NEUQUÉN (Envoyé spécial). L’équipe argentine de Copa Davis est à un seul succès d’accéder aux Qualifiers de 2027 et d’effacer la déception remontant à sept mois en Corée du Sud, lorsque un mal inédit d’absences avait provoqué une débâcle (défaite 3-2). Lors de la journée d’ouverture de la première série de l’histoire en Patagonie, l’Argentine a confirmé sa suprématie face à la Turquie, un adversaire de moindre envergure (33e du classement mondial de la Fédération Internationale). Thiago Tirante (52e), qui traverse le moment le plus marquant de sa carrière, a battu Mert Alkaya (296e, premier simple visiteur) par 6-2 et 6-4, inscrivant le 2-0 pour l’équipe nationale. Avant cela, Francisco Cerúndolo (23e) avait battu Yankı Erel (329e) 6-0 et 6-4.
Ce dimanche, à partir de 11 heures, se disputera le troisième point de la série: le double, avec Guido Andreozzi (14e) et Andrés Molteni (58e) face à Tuncay Duran (493e) et Arda Azkara (205e). Puis auront lieu les deux autres simples (le dernier uniquement si nécessaire).
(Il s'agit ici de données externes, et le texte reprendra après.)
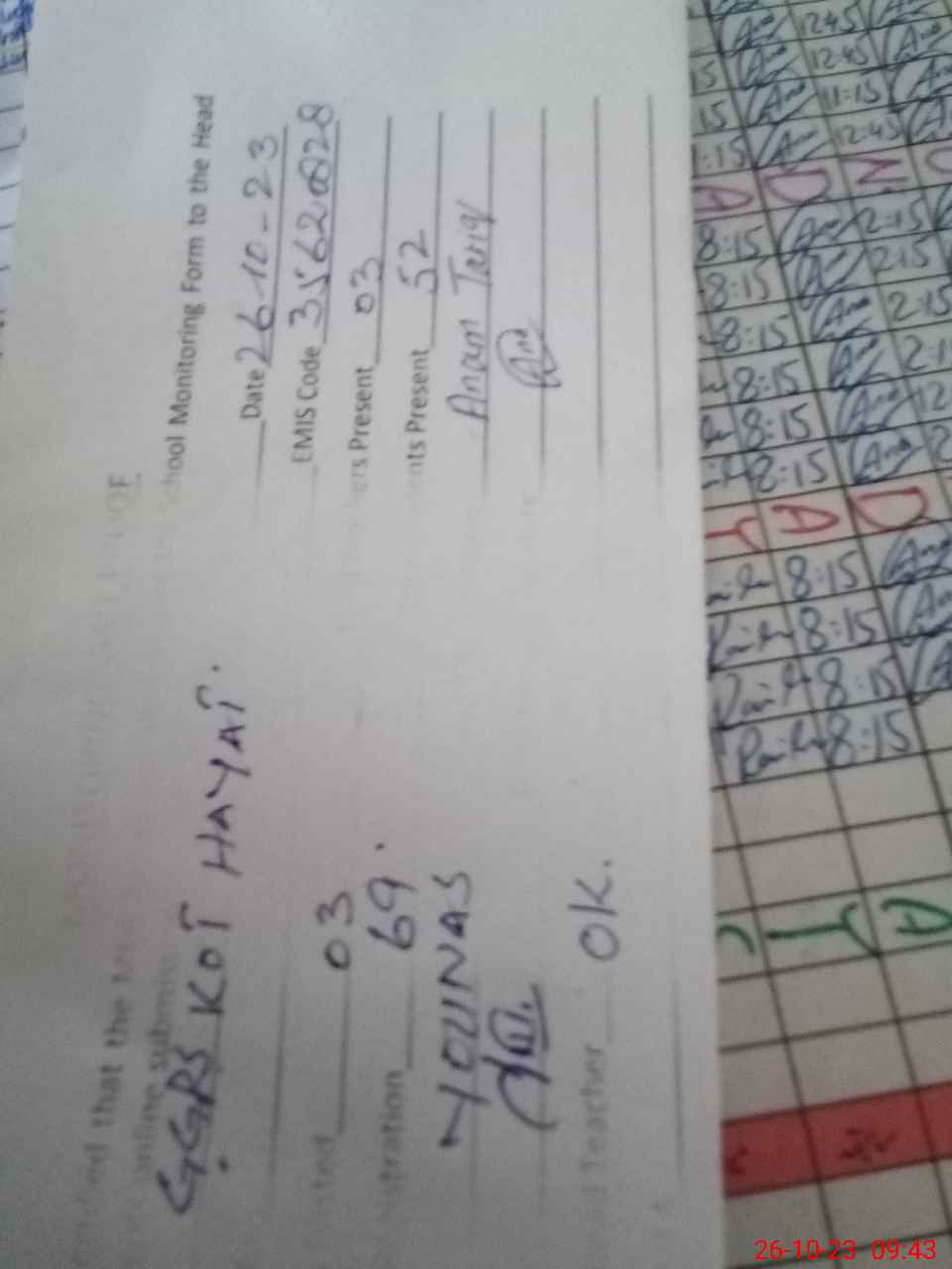 | EMIS Code: 35620828 | Name of School: GGPS KOT HAYAT KHAN | |||

Tirante, l’un des cinq débutants de la série asiatique de février, a gagné la confiance du capitaine Javier Frana pour agir comme numéro 2 en simple sur le court Ruca Che, au détriment de Mariano Navone. Le joueur platense de 25 ans, dynamisé par le fait de disputer pour la première fois une épreuve de Copa Davis dans le pays, a offert une prestation très sérieuse et a été largement à la hauteur. Les conditions acoustiques du match, sur un court couvert et en dur, ont contribué à ce que ses services lourds retentissent avec une grande intensité. L’Argentin de Buenos Aires s’est imposé en faisant jouer son service, et bien que le numéro 1 turc ait tenté de le déstabiliser, ses ressources n’ont pas suffi.
« Thiago possède un service incroyable. C’était quelque chose à quoi je m’attendais. Son service est très offensif. Le voir jouer en extérieur et le subir en intérieur est une autre histoire. C’est un grand joueur et je n’ai pas pu faire grand-chose », a admis Alkaya après le match.
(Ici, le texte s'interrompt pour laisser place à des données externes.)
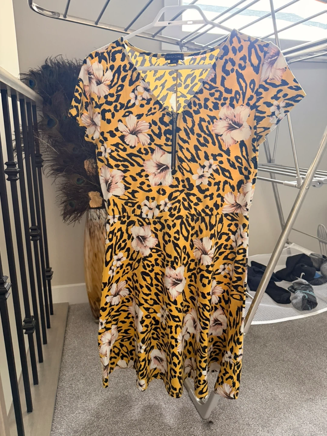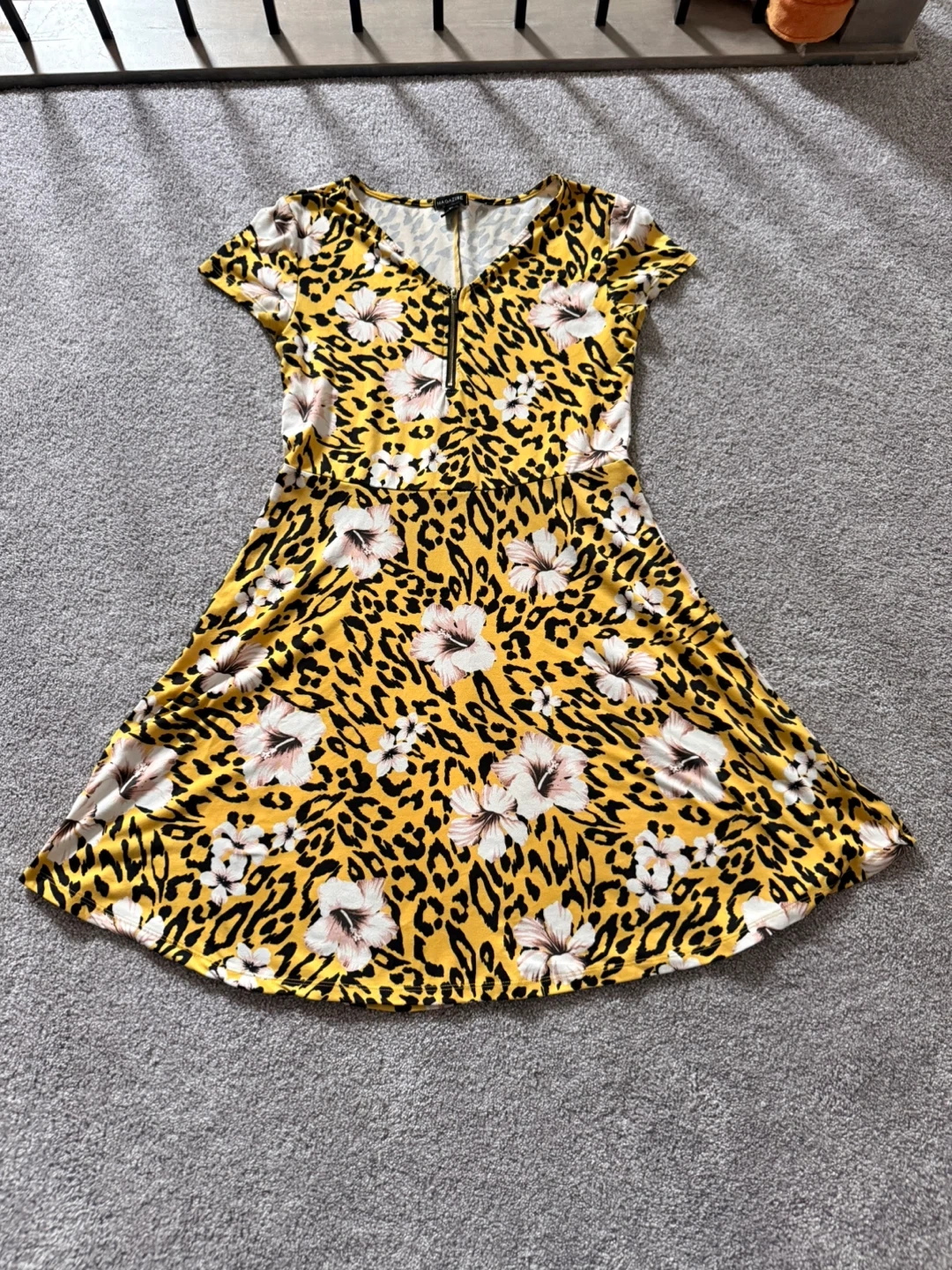 Classic straw sun hat with a wide brim and a black ribbon accent. This hat's woven design offers a stylish way to shield yourself from the sun. It's perfect for beach days or gardening. With a beautiful yellow, cheetah print with flowers floaty dress. Perfect for any summer occasion with a zipper.

Tirante, qui a aussi triomphé contre Djokovic lors du dernier Masters 1000 de Cincinnati, a conclu la rencontre avec neuf aces, deux doubles fautes, 59% de premières balles, 81% de points gagnés sur le premier service (26 sur 32) et 65% sur le second. Il a converti trois des cinq balles de break qu’il a créées, surpassant son adversaire par la vitesse et la profondeur.
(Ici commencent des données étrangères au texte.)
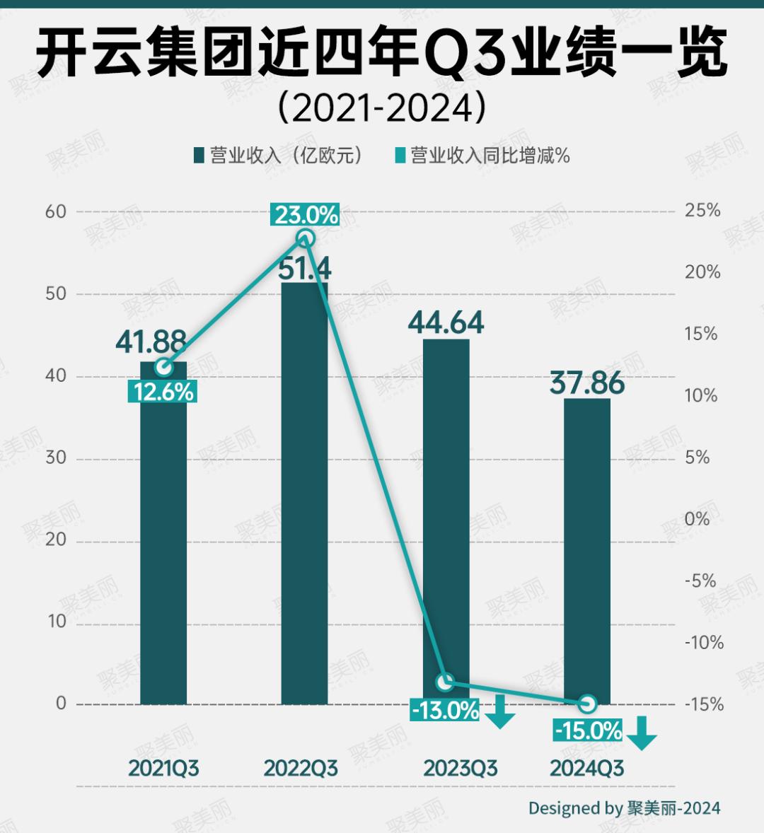 1.开云集团Q3总营收为37.86亿欧元(约合人民币290.86亿元),同比下滑15%;

Cerúndolo, sans hésitation
Dans le monde du tennis, la Coupe Davis est sans doute le tournoi où les surprises sont les plus fréquentes. Des défis qui, sur le circuit ATP, n’auraient pas d’équivalents peuvent prendre des formes différentes dans cette épreuve centenaire par équipes. Pourquoi ? Parce que s’éveillent d’autres aspects émotionnels chez les joueurs. Pour autant, Cerúndolo a ouvert la série entre l’Argentine et la Turquie en affichant clairement son statut de favori sur le court: il a battu Erel (329e, 25 ans) 6-0 et 6-4 en 1h13, donnant le premier point au pays local.
Sous le toit et sur une surface dure, une condition que l’Argentine n’avait plus connue à domicile depuis la finale malheureuse de 2008 face à l’Espagne à Mar del Plata, l’équipe dirigée par Frana a abordé ce défi contre la Turquie avec optimisme, espérant clore la série en Corée du Sud. Cette défaite (3-2) à Busan avait privé l’équipe albiceleste de la chance de progresser dans le Groupe Mondial. Le match contre la Turquie vise à éviter la descente dans la Zone Amérique et à revenir, dès 2027, dans les Qualifiers.
Dès le coup d’envoi de la série, Cerúndolo a mené la vie dure au gaucher Erel (ancien champion junior du double de Wimbledon en 2018), malmenant la balle avec une précision et une vitesse redoutables. Les tentatives de l’invité, habitué du circuit Challenger et des Futures (les deuxième et troisième divisions du professionnalisme, respectivement), se sont heurtées à une supériorité nette. La différence de catégorie est apparue clairement. Cerúndolo a su imposer le rythme avec intensité, de bons services et des angles bien tracés. Il a empoché le premier set en moins de trente minutes. Le deuxième acte a été plus équilibré, mais le meilleur tennisman sud-américain n’a pas eu de difficulté pour clore le match.